We landed softly enough, for the ground was clad in a thick eiderdown of white, white snow that sparkled in the sunshine. But O, the chill! In our haste, we had quite forgot the season, & Josie & I were wet to boot, after our encounter with the sprinkler system. For Fanden,we would freeze to death in minutes!
‘Take my jacket, Miss McCrombie!’ cried Herr Jakobsen, shedding it in a most gentlemanly manner & wrapping it tight over Josie’s little Spiderman cape – but I noted that her lips had already turned blue.
‘We must find warmth & shelter immediately, or we shall perish from frostbite!’ I cried, picturing our photographs on the front page of Politiken:four inexplicable corpses, one a child dressed as the Devil, frozen rigid as statues, discovered by Pastor Dahlberg & his new bride, in their snowy garden – if that was indeed where we found ourselves, for in principle this was where the Time-Sucker was located. Sure enough, there now came confirmation in the form of a loud & angry barking from a snow-clad kennel that stood by what I now recognized to be Fru Krak’s front porch.

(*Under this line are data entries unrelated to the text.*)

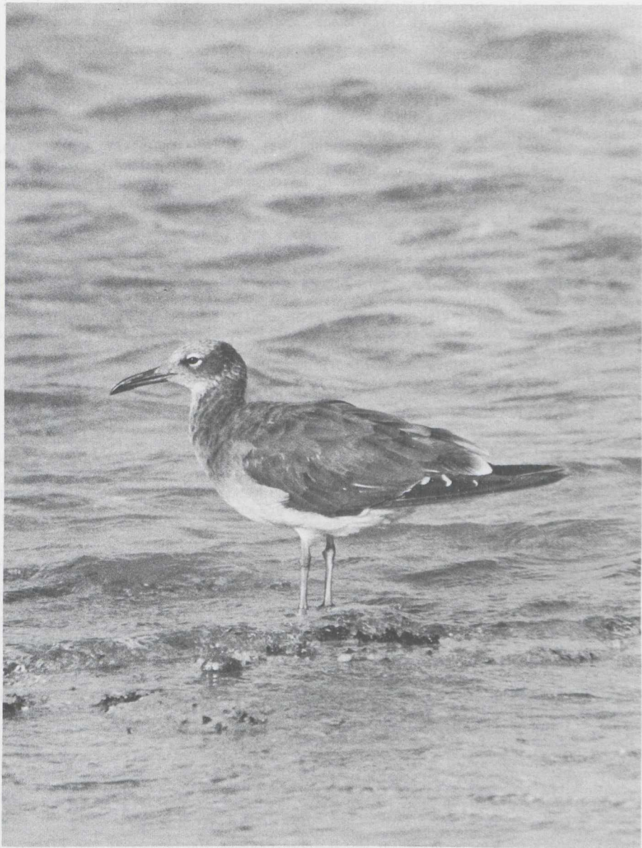
26. White-eyed Gull/Witoogmeeuw Larus leucophthalmus , first calendar-year, Hurgada, Egypt, September 1980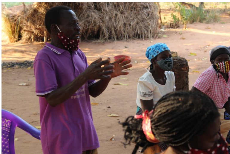
Foto: Momento de encontro comunitário de formação do comité de apoio de Laze- Mocuba

Comunidades de Mocuba e Lugela, implementam uma estratégia de monitoria e reporte do impacto social da COVID-19 com enfoque nos casos de violência baseada no gênero, a partir da organização em comités de apoio, constituídos por Homens e Mulheres, lideranças locais e pessoas influentes com vista a responder rapidamente à qualquer tipo de violência que acontece na comunidade agravada pelo impacto da pandemia.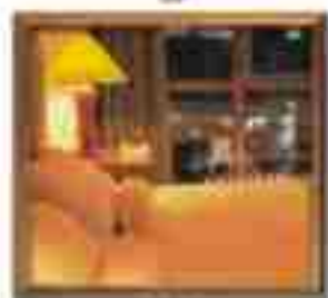
***** Palace Suites LIMASSOL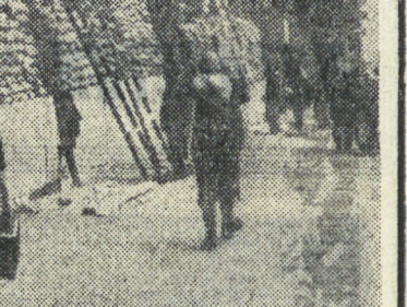
Можайск, Калинин, 16 октября часть правительственных учреждений и дипломатический корпус были эвакуированы из Москвы в Куйбышев.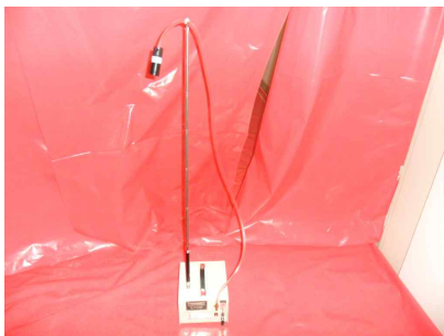
#7 (폐기물 반출구)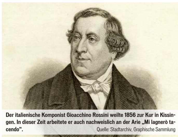
Der italienische Komponist Gioacchino Rossini weilte 1856 zur Kur in Kissingen. In dieser Zeit arbeitete er auch nachweislich an der Arie „Mi lagnerò tacendo“.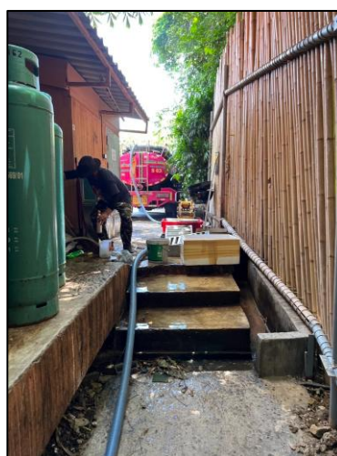
รูปภาพที่ 2.4 การสูบน้ำ/ไขมัน

‘The Alsatian guard-dog!’ I cried, remembering Franz’s journal. ‘The creature is attached by a chain, but he will alert them to our presence: we must swiftly away!’
By now Georg had furnished himself with a sturdy beech-wood stick with which he bravely insisted he would keep the madly barking brute at bay while we ‘ladies’ ran past its kennel & out into the safety of the road.
‘Are you ready?’ cried Georg, upon which the dog – a huge brute with dangling testicles – reared into view, brandishing yellow teeth & a fanatical glare. ‘Then prepare to run for all you are worth, and do not look back until you are beyond the reach of its chain!’
The dog had by now smelled conflict, & was leaping about,
tugging vigorously at its leash, so it was with shivering trepidation that we all set forth towards it – knowing, too, that at any moment the righteous Pastor & his invisible companion, the Holy Lord, along with his fine lady wife Fru Dahlberg/Krak/Bischen-Baschen, might appear at the doorway.
The dog had been well coached in violence, for it did not hesitate to leap for Georg’s throat the very instant he approached to distract it, but Georg was quick on his feet, stepping jauntily out of the animal’s reach & waving his stick at it in a taunting fashion; snarling, the infuriated creature sank on its haunches & then proceeded to circle him threateningly, its chain pulled to the maximum, while Fru Jakobsen, Josie & I ran helter-skelter for safety. Once at the gate, & out of the dog’s reach, we turned – only to see that events had taken a frightening cast, for Georg, having had the upper hand, had lost it & was now struggling with the creature, which had grabbed one end of the stick in its teeth & was tugging at it madly, growling all the while! The valiant Georg looked momentarily hopeless, for it was evident that if he released his grip he would be weaponless, & the animal upon him, tearing his flesh & crunching his poor bones. Yet he could not ward the creature off for ever!
‘Georg, let go of the stick & run!’ shrieked Helle, but he shouted back that he could not, & we should press ahead & he would catch up with us!
‘No!’ Helle & I yelled in unison, but just as we did so, Georg, struggling desperately against the strength of the vicious canine, lost his footing & slipped on the icy path. No! The end was now nigh, for with a single mighty leap the maddened animal had hurled its whole weight at Georg & smacked into him, landing with a thud upon his torso. Helle screamed, & I gulped, & Spiderman prepared to attack, but then there fell a strange silence: it seemed that the impact of the two bodies had stunned both man & beast, for neither of them now moved. With a cry I ran towards Georg to drag the slumped creature off him, but just as I did so, two strong arms came from nowhere & grabbed me from behind.